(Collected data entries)

------------------------------------

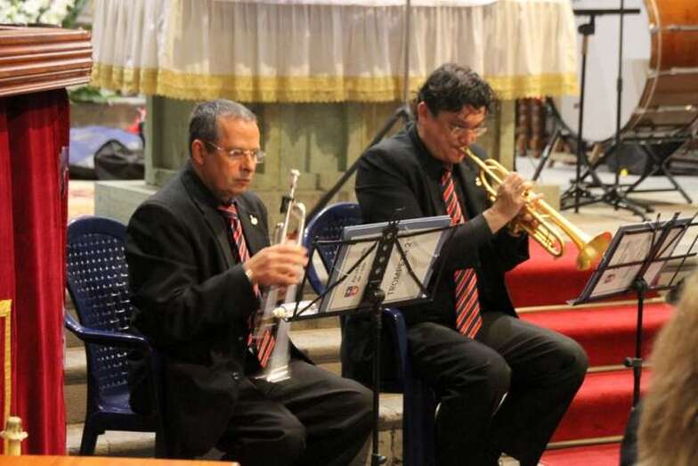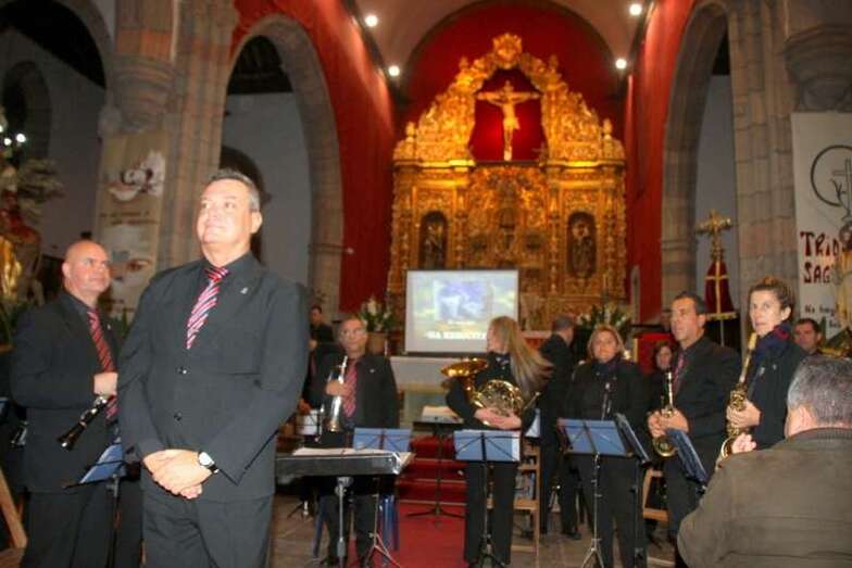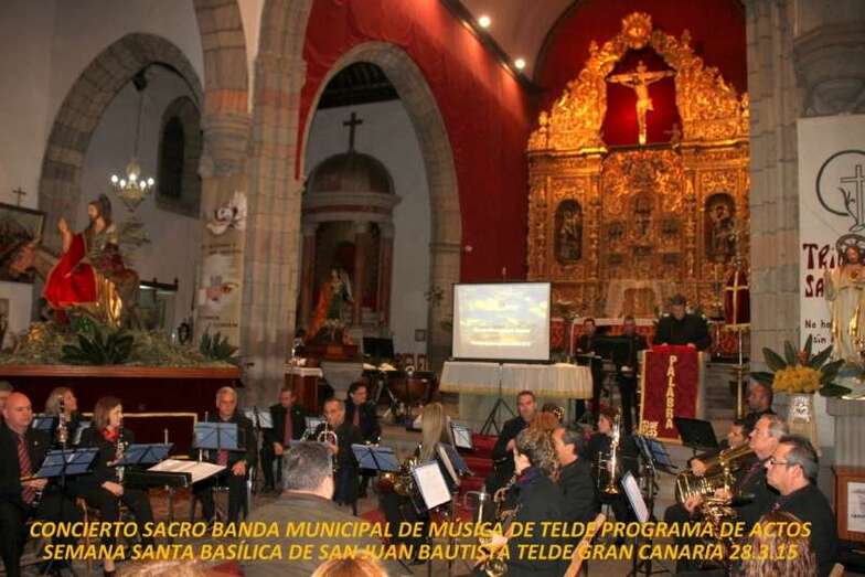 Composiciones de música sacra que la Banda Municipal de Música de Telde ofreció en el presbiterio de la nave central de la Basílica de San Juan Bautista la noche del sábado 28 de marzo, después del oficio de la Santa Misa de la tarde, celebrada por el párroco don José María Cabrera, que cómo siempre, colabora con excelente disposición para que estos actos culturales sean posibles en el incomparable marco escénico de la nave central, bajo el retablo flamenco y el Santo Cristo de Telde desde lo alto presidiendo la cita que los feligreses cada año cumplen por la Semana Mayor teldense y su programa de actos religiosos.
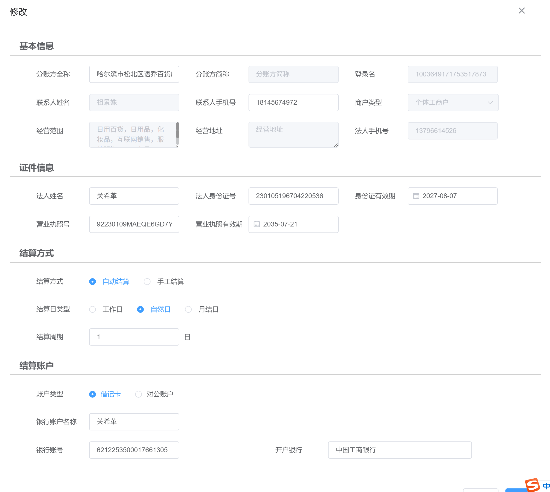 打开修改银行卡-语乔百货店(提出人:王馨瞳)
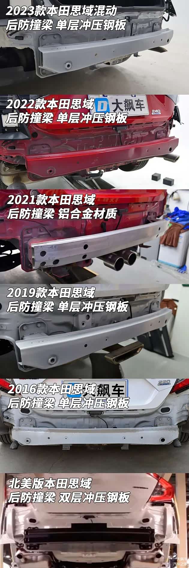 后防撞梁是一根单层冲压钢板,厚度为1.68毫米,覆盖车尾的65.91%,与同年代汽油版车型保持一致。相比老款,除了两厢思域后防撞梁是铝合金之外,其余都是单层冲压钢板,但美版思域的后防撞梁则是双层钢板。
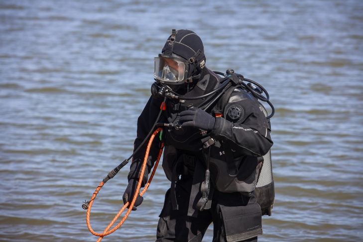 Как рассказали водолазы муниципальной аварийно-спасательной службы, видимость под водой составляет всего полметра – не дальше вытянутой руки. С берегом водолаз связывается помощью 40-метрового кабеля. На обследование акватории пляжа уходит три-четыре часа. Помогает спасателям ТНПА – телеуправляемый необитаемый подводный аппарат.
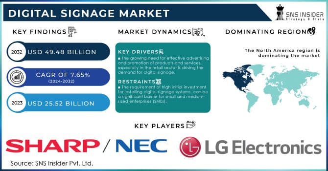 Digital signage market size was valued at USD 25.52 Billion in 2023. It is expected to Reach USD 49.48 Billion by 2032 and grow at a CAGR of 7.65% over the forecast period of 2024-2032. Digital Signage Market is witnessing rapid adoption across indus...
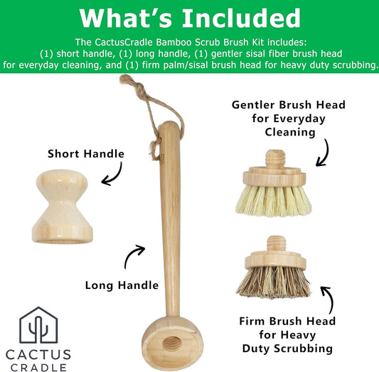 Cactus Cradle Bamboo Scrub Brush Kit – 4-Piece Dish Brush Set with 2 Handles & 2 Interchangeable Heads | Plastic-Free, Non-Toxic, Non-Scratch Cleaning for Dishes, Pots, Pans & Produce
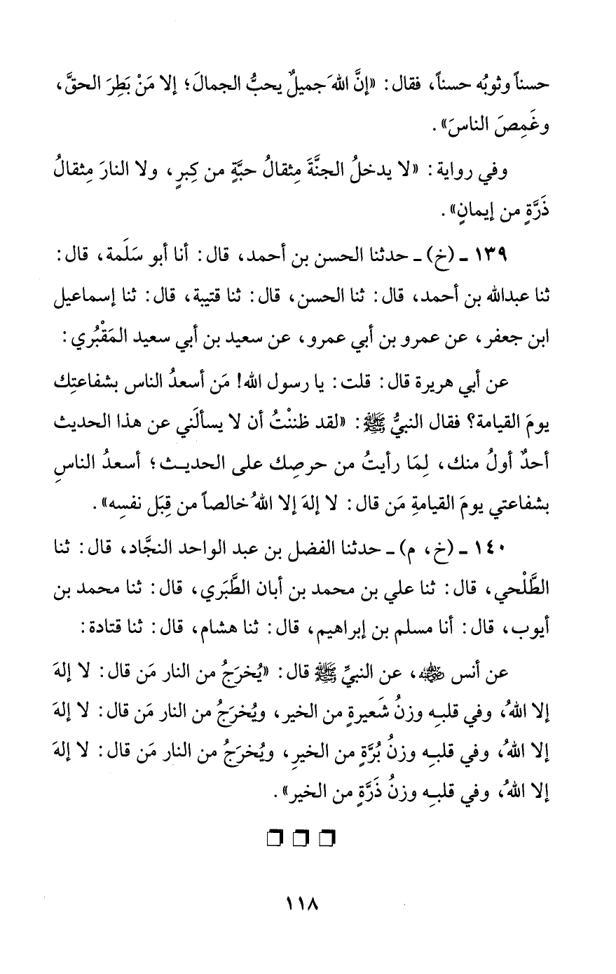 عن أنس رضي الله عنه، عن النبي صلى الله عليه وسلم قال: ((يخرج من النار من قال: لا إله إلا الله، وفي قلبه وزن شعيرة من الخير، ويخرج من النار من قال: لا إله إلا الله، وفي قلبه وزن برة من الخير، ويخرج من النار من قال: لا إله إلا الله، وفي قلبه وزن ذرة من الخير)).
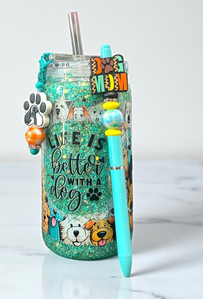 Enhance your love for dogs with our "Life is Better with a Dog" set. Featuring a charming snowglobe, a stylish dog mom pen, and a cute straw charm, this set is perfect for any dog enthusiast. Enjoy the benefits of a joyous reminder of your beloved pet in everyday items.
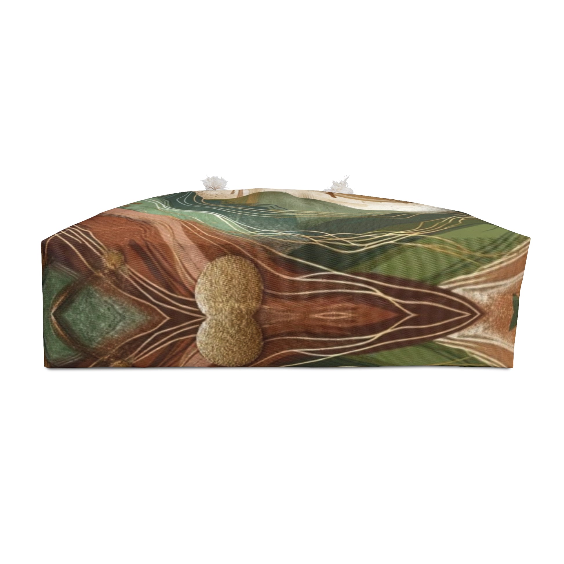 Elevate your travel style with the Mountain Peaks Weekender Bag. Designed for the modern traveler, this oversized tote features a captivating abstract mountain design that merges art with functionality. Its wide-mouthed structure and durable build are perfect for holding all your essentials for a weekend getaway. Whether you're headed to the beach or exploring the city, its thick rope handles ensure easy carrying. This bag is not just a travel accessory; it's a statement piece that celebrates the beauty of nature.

------------------------------------

_What you need to do_
From the first line above to the last, reproduce the records exactly but without the pictures.

_Solution_
 Composiciones de música sacra que la Banda Municipal de Música de Telde ofreció en el presbiterio de la nave central de la Basílica de San Juan Bautista la noche del sábado 28 de marzo, después del oficio de la Santa Misa de la tarde, celebrada por el párroco don José María Cabrera, que cómo siempre, colabora con excelente disposición para que estos actos culturales sean posibles en el incomparable marco escénico de la nave central, bajo el retablo flamenco y el Santo Cristo de Telde desde lo alto presidiendo la cita que los feligreses cada año cumplen por la Semana Mayor teldense y su programa de actos religiosos.
 打开修改银行卡-语乔百货店(提出人:王馨瞳)
 后防撞梁是一根单层冲压钢板,厚度为1.68毫米,覆盖车尾的65.91%,与同年代汽油版车型保持一致。相比老款,除了两厢思域后防撞梁是铝合金之外,其余都是单层冲压钢板,但美版思域的后防撞梁则是双层钢板。
 Как рассказали водолазы муниципальной аварийно-спасательной службы, видимость под водой составляет всего полметра – не дальше вытянутой руки. С берегом водолаз связывается помощью 40-метрового кабеля. На обследование акватории пляжа уходит три-четыре часа. Помогает спасателям ТНПА – телеуправляемый необитаемый подводный аппарат.
 Digital signage market size was valued at USD 25.52 Billion in 2023. It is expected to Reach USD 49.48 Billion by 2032 and grow at a CAGR of 7.65% over the forecast period of 2024-2032. Digital Signage Market is witnessing rapid adoption across indus...
 Cactus Cradle Bamboo Scrub Brush Kit – 4-Piece Dish Brush Set with 2 Handles & 2 Interchangeable Heads | Plastic-Free, Non-Toxic, Non-Scratch Cleaning for Dishes, Pots, Pans & Produce
 عن أنس رضي الله عنه، عن النبي صلى الله عليه وسلم قال: ((يخرج من النار من قال: لا إله إلا الله، وفي قلبه وزن شعيرة من الخير، ويخرج من النار من قال: لا إله إلا الله، وفي قلبه وزن برة من الخير، ويخرج من النار من قال: لا إله إلا الله، وفي قلبه وزن ذرة من الخير)).
 Enhance your love for dogs with our "Life is Better with a Dog" set. Featuring a charming snowglobe, a stylish dog mom pen, and a cute straw charm, this set is perfect for any dog enthusiast. Enjoy the benefits of a joyous reminder of your beloved pet in everyday items.
 Elevate your travel style with the Mountain Peaks Weekender Bag. Designed for the modern traveler, this oversized tote features a captivating abstract mountain design that merges art with functionality. Its wide-mouthed structure and durable build are perfect for holding all your essentials for a weekend getaway. Whether you're headed to the beach or exploring the city, its thick rope handles ensure easy carrying. This bag is not just a travel accessory; it's a statement piece that celebrates the beauty of nature.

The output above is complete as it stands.